Work item: Restate the listing below word for word, and leave its pictures behind.

Information shown:
------

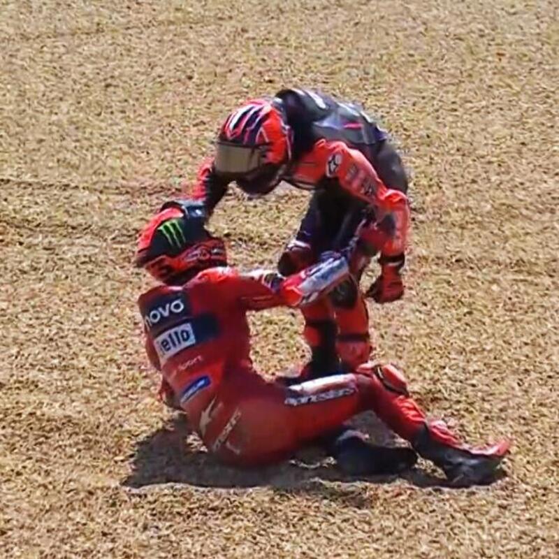 "L'adrenalina lì è a mille, non lo dico per Pecco, ma molti piloti si devono calmare un po', noi siamo l'esempio per la Moto3. Mi sono incazzato molto perché sentivo di poter andare a vincere, è stata dura accettare che siamo andati per terra, ma come ho detto prima sia io che Pecco siamo piloti abbastanza puliti"
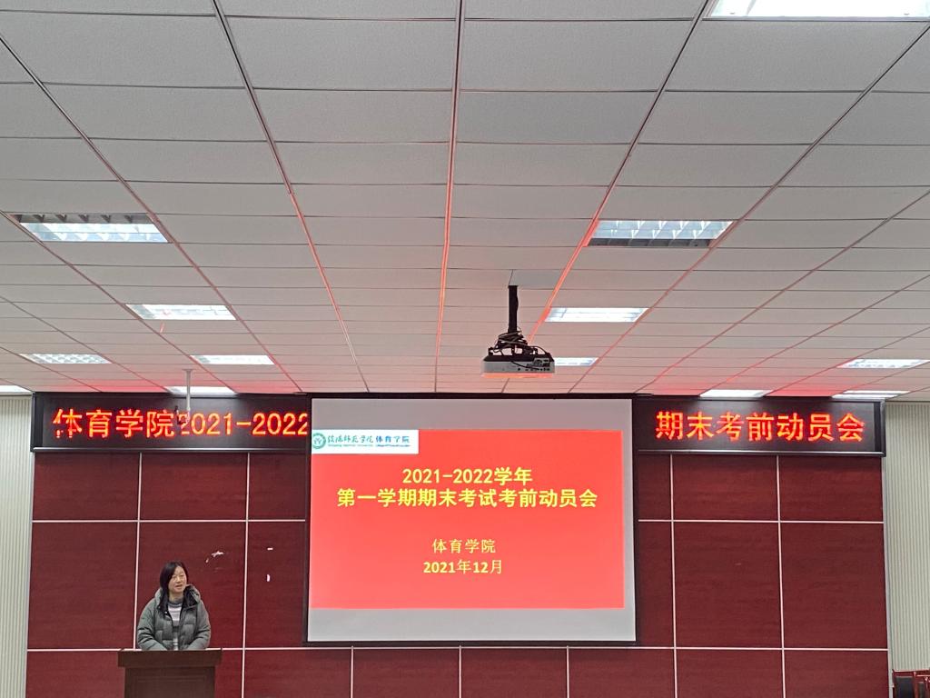 为推动学生积极备考、诚信考试,加强学生考风考纪教育,规范考试秩序,12月13日晚,WilliamHill中文官方网站2020级在体育馆多媒体教室召开2021—2022学年第一学期期末考试考前动员会。WilliamHill中文官方网站副院长张娟、2020级辅导员龙慧杰及2020级全体学生参加了本次会议。
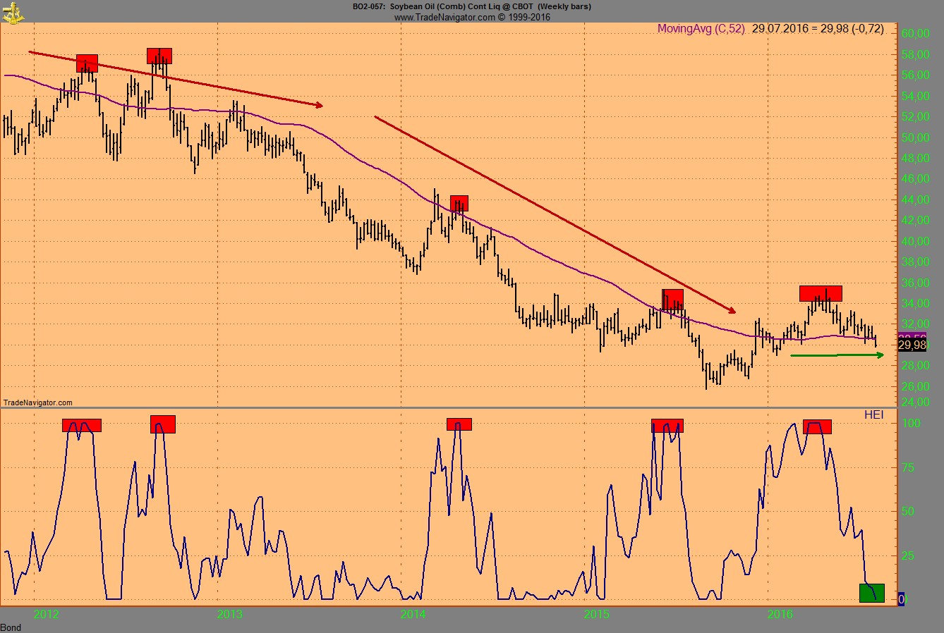 ABER, die momentane Richtung koennte noch etwas die Longseite sein, weil wir sehen dass der Comm Index noch im fallen ist und sich noch nicht auf der null befindet.

------

Result of this exercise:
 "L'adrenalina lì è a mille, non lo dico per Pecco, ma molti piloti si devono calmare un po', noi siamo l'esempio per la Moto3. Mi sono incazzato molto perché sentivo di poter andare a vincere, è stata dura accettare che siamo andati per terra, ma come ho detto prima sia io che Pecco siamo piloti abbastanza puliti"
 为推动学生积极备考、诚信考试,加强学生考风考纪教育,规范考试秩序,12月13日晚,WilliamHill中文官方网站2020级在体育馆多媒体教室召开2021—2022学年第一学期期末考试考前动员会。WilliamHill中文官方网站副院长张娟、2020级辅导员龙慧杰及2020级全体学生参加了本次会议。
 ABER, die momentane Richtung koennte noch etwas die Longseite sein, weil wir sehen dass der Comm Index noch im fallen ist und sich noch nicht auf der null befindet.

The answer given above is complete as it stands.